J’ai hésité. Je savais que ce serait un roman de Susan Minot, mais fallait-il choisir « La vie secrète de Lilian Eliot » ou plutôt « Crépuscule »? Et puis m’est revenue cette phrase, « tu ne verras pas les feuilles jaunir cette année », qui à chaque fois me plonge dans la même tristesse. Une condamnation que prononce le médecin d’Ann, alors que son cancer arrive en phase terminale. En neuf mots, tout est dit. On connaît déjà la fin de l’histoire, mais ce que l’on ignore en revanche, c’est tout ce qui s’est passé avant. Une odeur et une sensation, celles d’un petit coussin rempli d’aiguilles de pin, serviront de détonateur aux souvenirs, et au roman, puisque ce n’est pas l’agonie d’une vieille femme que nous raconte Susan Minot dans « Crépuscule », mais bien, comme l’écrit Daniel Arsand dans « Le Magazine littéraire », l’une des plus belles histoires d’amour de ces dernières décennies.

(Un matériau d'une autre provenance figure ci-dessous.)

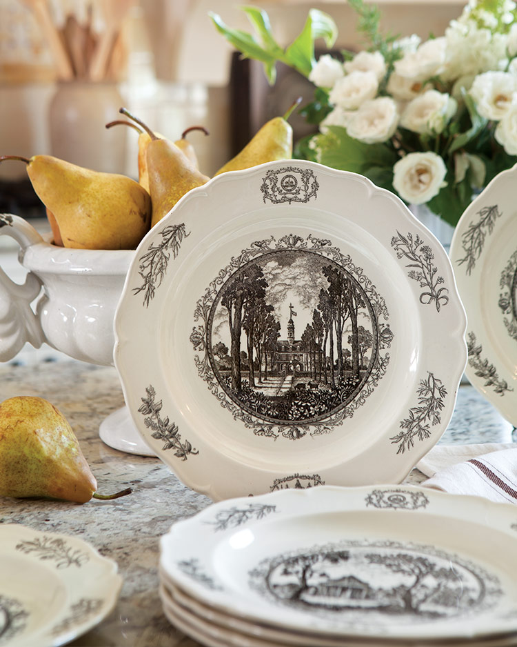 A commemorative set of Wedgwood plates weaves a historical note in a fall tableau.
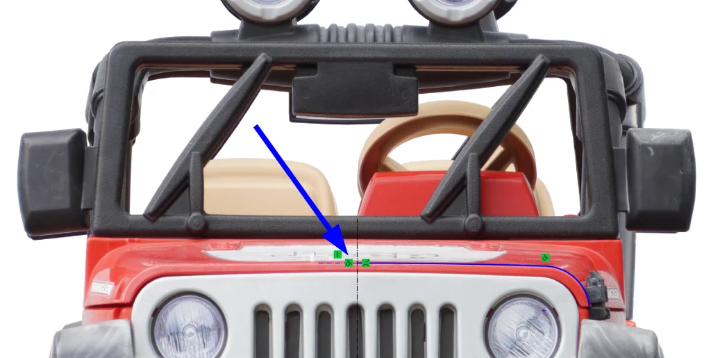 I repeated this for the second plane before switching to a FRONT view and opening a sketch on the plane we just created that is closer to the front (I renamed this to “Grill Plane” in my tree for the sake of organization and sanity). Now we get to trace the front of the hood! Note: it is important here to trace our reference picture in a FRONT view rather than in a view normal to the angled sketch plane that we just created. I tend to personally gravitate towards using lines and arcs here instead of splines, but you could use splines just as easily. Here’s what my trace looks like:
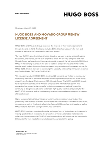 HUGO BOSS and Movado Group announce the renewal of their license agreement through the end of 2026. The license includes BOSS Watches & Jewelry for men and women as well as HUGO Watches for men and women.
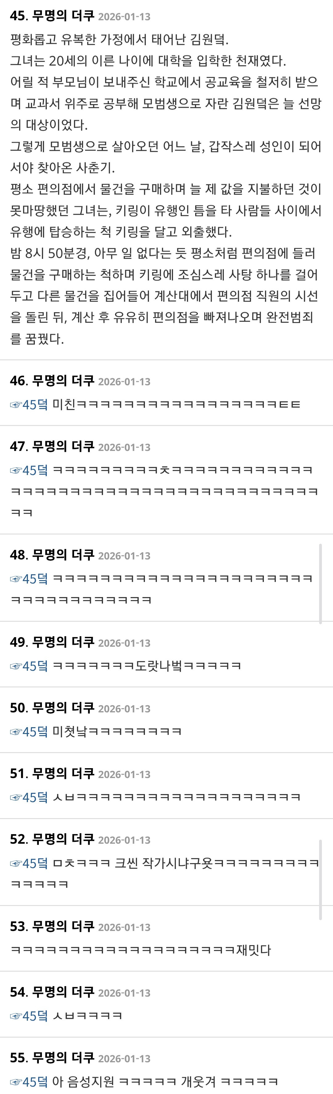 [흥미돋]크라임씬 시청자들 난리난 글 ㅋㅋㅋㅋㅋㅋㅋㅋㅋㅋㅋㅋㅋㅋ.jpg 작성자홍게라면|작성시간26.01.14|조회수15,043 목록 댓글 18 글자크기 작게가 글자크기 크게가 출처: https://www.dmitory.com/issue/396681095 다음검색 현재 게시글 추가 기능 열기 북마크 공유하기 신고 센터로 신고 댓글 댓글 18 댓글쓰기 답글쓰기 댓글 리스트 작성자복권그것은내꿈과희망 | 작성시간 26.01.14 어머 세상에 ㅋㅋㅋ 작성자아리스토텔레마케팅 | 작성시간 26.01.14 왜이렇게 잘해 다들ㅋㅋㅋㅋ 작성자Parade | 작성시간 26.01.14 ㅋㅋㅋㅋㅋ새웃기넼ㅋㅋㅋㅋㅋㅋㅋㅋㅋㅋㅋㅋㅋㅋㅋㅋ 작성자대법 | 작성시간 26.01.14 아무 일 없다는 듯 평소처럼 편의점에 들러 <이게 찐이다ㅋㅋㅋㅋㅋㅋㅋㅋㅋㅋㅋㅋㅋ 작성자고전파O | 작성시간 26.01.14 유유히 빠져나오며 완전범죄를 꿈 꿨 다 댓글 전체보기
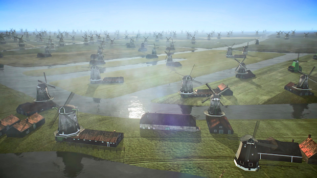 Digitale reconstructie van de Zaanstreek rond 1730. Beeld: maker onbekend.
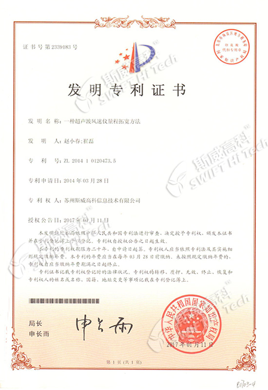 發(fā)明專利證書:一種超聲波風速儀量程擴寬方法
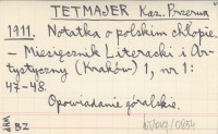 TETMAJER Kazimierz 1911 Notatka o polskim chłopie.

Mais revenons en deux mots sur l’auteure. Susan Minot est née le 7 décembre 1956 à Boston. Son premier livre, « Mouflets », paru en 1986, remporta l’année suivante le prix Femina étranger. Elle écrivit encore trois autres romans (dont notre sublime « Crépuscule ») et un recueil de nouvelles, c’est tout. Son dernier texte a été publié en 2003, et depuis plus rien. A la suite d’un chagrin d’amour, elle aurait fait une dépression, qui aurait tari son inspiration. Est-ce vrai? Cela ressemble à du Susan Minot en tout cas.
La famille d’Ann se trouve à son chevet, mais la malade est à des années lumière de cet instant, à des centaine de miles de cette chambre. La voici de retour en juillet 1954, au mariage d’une amie. Elle va y rencontrer l’homme de sa vie qui ne la partagera pourtant jamais: Harris Arden, un médecin. Toute son existence va être imprégnée de ces trois jours qu’ils auront passé ensemble. Lui devra repartir, épouser la fiancée qui l’attend à Boston. Elle, enchaînera les mariages, aura des enfants, mais regrettera inlassablement celui qui fut son unique amour. Comme toujours chez Susan Minot, les sentiments comme les existences sont baignés d’une nostalgie poignante. De regrets de ce qui aurait pu être si le destin en avait décidé autrement. Pourtant, au moment de basculer dans la mort, l’héroïne va enfin se réconcilier avec sa vie. Car si pour Susan Minot, la nostalgie est toujours ce qu’elle était, le désespoir en revanche peut se révéler moins définitif que ce que l’on aurait pu imaginer.